*** Opening Available data ***

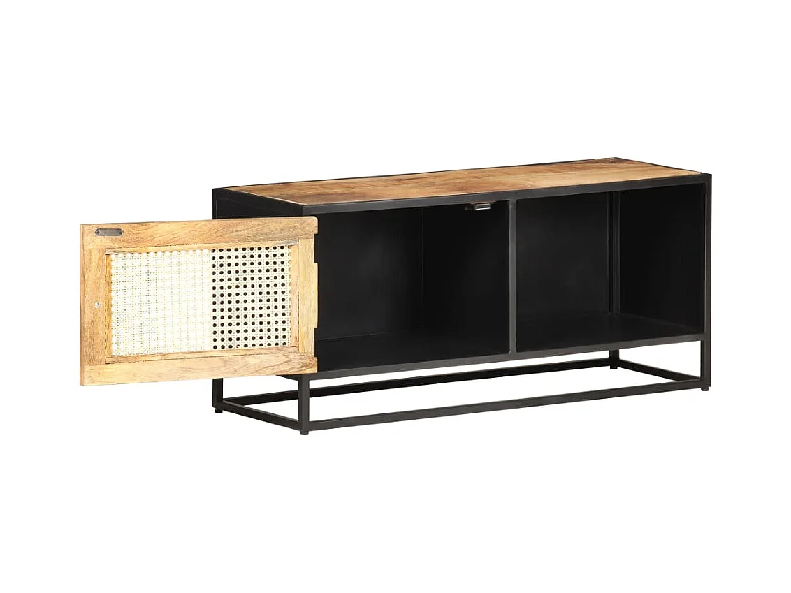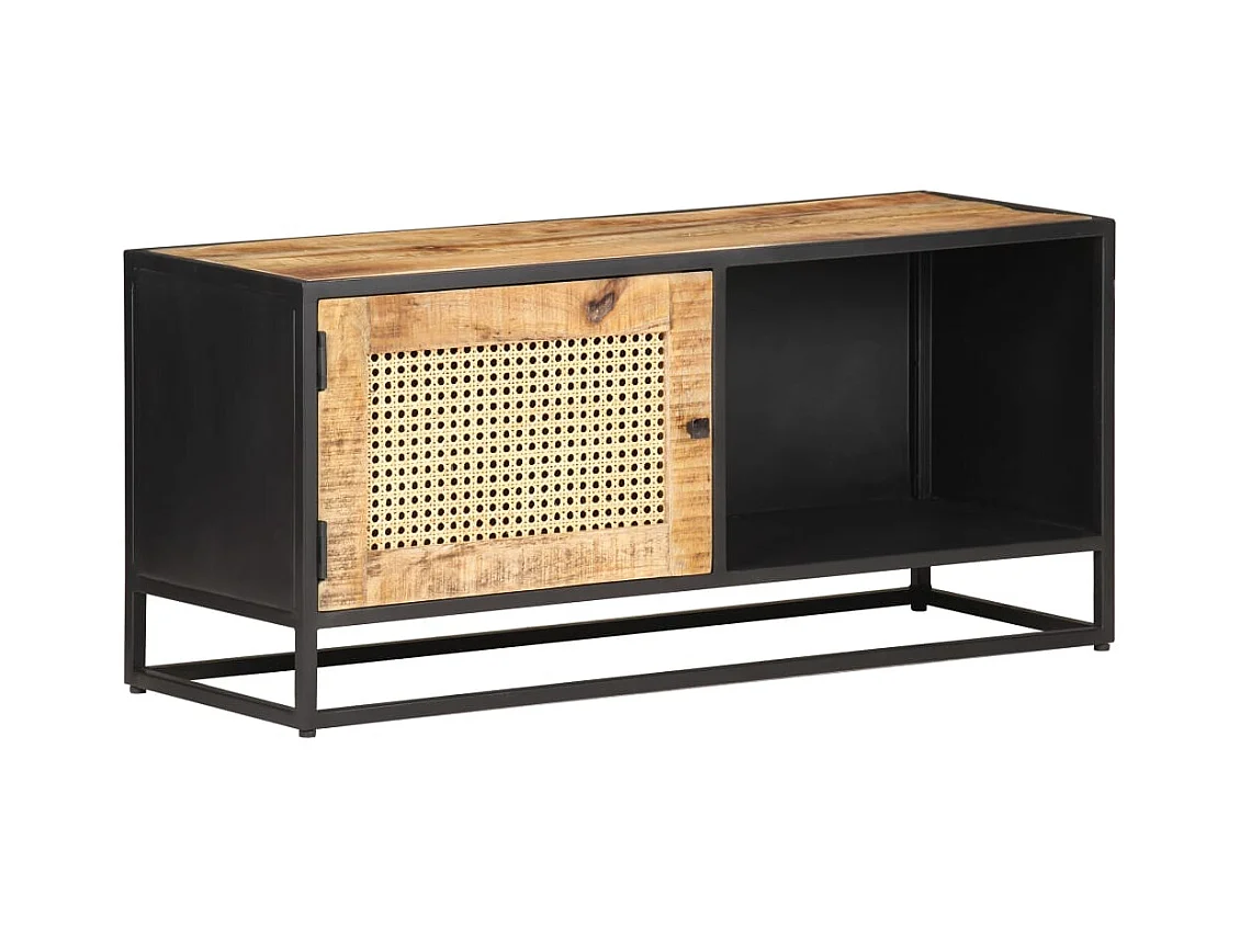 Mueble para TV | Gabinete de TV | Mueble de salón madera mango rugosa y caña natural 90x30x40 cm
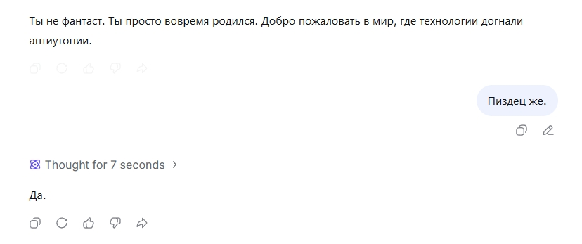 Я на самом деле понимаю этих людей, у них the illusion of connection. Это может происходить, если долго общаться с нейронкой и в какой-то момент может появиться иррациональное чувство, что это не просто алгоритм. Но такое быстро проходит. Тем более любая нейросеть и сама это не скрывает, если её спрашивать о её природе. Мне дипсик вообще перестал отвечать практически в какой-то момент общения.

*** Closing Available data ***
*** Opening Available data ***

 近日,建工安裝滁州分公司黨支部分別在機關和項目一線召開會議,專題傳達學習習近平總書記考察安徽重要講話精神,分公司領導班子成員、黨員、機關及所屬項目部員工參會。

*** Closing Available data ***

▶ _Task to carry out_:
In the material above, the stretch from the line with "Mueble para TV" through the line with "Я на самом деле" is to be given again exactly, minus the pictures.

▶ _Result_:
 Mueble para TV | Gabinete de TV | Mueble de salón madera mango rugosa y caña natural 90x30x40 cm
 Я на самом деле понимаю этих людей, у них the illusion of connection. Это может происходить, если долго общаться с нейронкой и в какой-то момент может появиться иррациональное чувство, что это не просто алгоритм. Но такое быстро проходит. Тем более любая нейросеть и сама это не скрывает, если её спрашивать о её природе. Мне дипсик вообще перестал отвечать практически в какой-то момент общения.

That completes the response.